Trovo inquietante il modo in cui le “competenze” stanno prendendo forma a scuola.

Lo vedo dalle rappresentazioni che si sono fatti tanti docenti che incontro per ragioni professionali e lo vedo, cosa peggiore, nel modo in cui sono trattate nei libri di testo e, specificamente, attraverso le attività didattiche che vengono proposte per svilupparle e valutarle: i cosiddetti “compiti di realtà”.

Di “compiti di realtà” ne ho analizzati numerosi in libri di testo di editori e “autori” differenti, e trovo riflessi in essi un’idea debole di “competenza”; l’idea, cioè, che “competenza” sia fare qualcosa andando oltre la ripetizione di informazioni.

Quelli che vengono chiamati “compiti di realtà” sono uno dei tanti tipi di esercizio da svolgere a scuola: attività da svolgere in modo decontestualizzato, in cui la realtà è presente in modo simulato e nelle parole usate nella consegna, ma non nell’esperienza degli studenti; sono attività brevi che richiedono la mobilizzazione di limitate conoscenze e abilità, perché il contesto di lavoro è esso stesso ristretto, limitato; sono attività poco o nulla sfidanti, semplici, prescrittive, che richiedono la messa in atto di operazioni esecutive e che considerano prospettive disciplinari singole. Sono attività finalizzate alla valutazione sommativa che vengono proposte dopo che si è appreso qualcosa e non contesti che offrono opportunità per nuovi apprendimenti autentici e significativi.

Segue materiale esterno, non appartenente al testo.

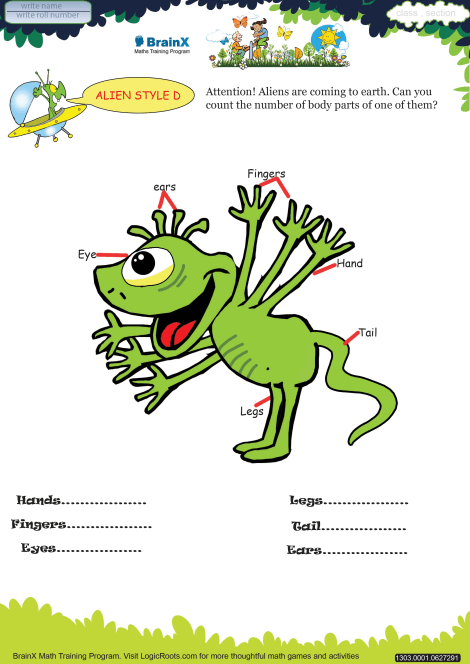A baby alien has fallen on Earth from outer space. He is very different from us. Can you count his number of eyes, hands, legs etc?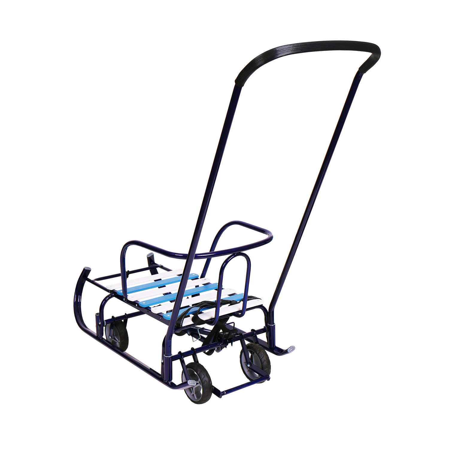 Санки детские с выдвижными колесами, спинкой и ручкой Nika "Тимка 6 универсал" (синий лак)

In parole povere, i cosiddetti “compiti di realtà” altro non sono che la riedizione dei classici esercizi scolastici: attività che mobilitano apprendimenti scolastici, cioè incapsulati nel contesto scolastico e difficilmente trasferibili nel reale perché non mettono a contatto con la complessità della realtà…reale.

La competenza, pedagogicamente intesa (fondata cioè sui meccanismi cognitivi che la determinano) comporta l’utilizzo di conoscenze significative in contesti reali e per scopi reali, la soluzione di problemi autentici e aperti, il transfer in più contesti, la generazione (e non la riproduzione) di più soluzioni. Sviluppare competenza implica l’immersione cognitiva, emotiva, operativa in esperienze autentiche (reali), esperienze ricche, complesse, policontestuali. Esperienze integrate di apprendimento, di valutazione, di riflessione, di controllo metacognitivo.

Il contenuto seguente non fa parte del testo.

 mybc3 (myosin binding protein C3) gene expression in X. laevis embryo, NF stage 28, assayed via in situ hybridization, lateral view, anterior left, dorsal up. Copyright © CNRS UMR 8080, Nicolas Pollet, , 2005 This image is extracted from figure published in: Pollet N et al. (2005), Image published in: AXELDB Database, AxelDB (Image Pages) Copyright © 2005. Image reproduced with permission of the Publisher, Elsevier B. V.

Sviluppare “competenza” a scuola implica l’assunzione di uno sguardo lungo; la competenza è un apprendimento di lungo periodo, è lo sviluppo di forme di pensiero che presiedono e attivano prestazioni competenti e in queste si riflettono; la competenza si sviluppa in modo collaterale agli apprendimenti disciplinari e richiede l’utilizzo di adeguate strategie di apprendimento.

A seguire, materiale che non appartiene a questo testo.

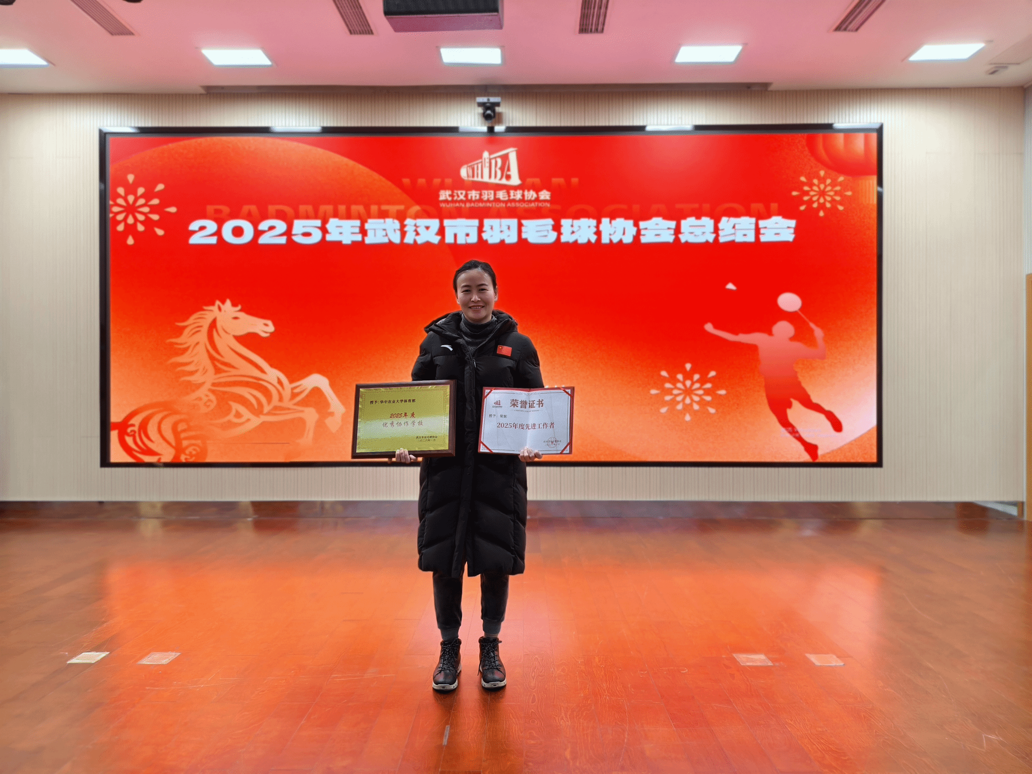 2026年1月24日,武汉市羽毛球协会第四届理事会2025年度总结会在武汉市体育运动学校召开。会议以“总结经验、表彰先进、擘画未来”为主题,对2025年度为武汉羽毛球事业做出突出贡献的单位与个人进行表彰。英国365集团公司荣获“优秀协作单位”,梁妮副教授荣获“年度先进工作者”称号;在汉部属高校中,我校是唯一单位与个人同获表彰的高校。

Gli approcci didattici semplici, che non spaventano gli insegnanti (questa è la richiesta degli editori, altrimenti i libri non si vendono), sono contro lo spirito e la sostanza della “competenza”, non contribuiscono a promuovere la competenza stessa e mistificano il ruolo, pur limitato, che la scuola può avere per promuovere lo sviluppo di apprendimenti di livello avanzato, significativi, trasferibili, contestualizzati.

Approcciare in questo modo obiettivi di apprendimento importanti, inducendo a credere che la scuola sia davvero interessata ad espandere le opportunità di apprendimento degli studenti, significa mancare di rispetto agli studenti, alle loro famiglie e agli insegnanti.

Il costrutto di competenza può contribuire ad arricchire il curricolo (precisandone portata e limiti) alla condizione di essere consapevoli che non si tratta di un modo per rendere più semplice e più facile il lavoro di insegnanti e studenti.

L’apprendimento della “competenza” impegna tutti, insegnanti, studenti ma anche l’organizzazione-scuola, in attività sfidanti, e tali devono essere non solo per gli studenti ma anche, e prima di tutto,  per gli insegnanti.

Proporre attività facili, tanto simili alle ordinarie attività scolastiche, significa, anche, ritenere gli insegnanti incapaci di andare oltre il consueto, pur camuffato dall’uso di un lessico nuovo, significa svalorizzare e svilire il lavoro dell’insegnante, significa, in fin dei conti, offendere sul piano personale e professionale l’insegnante.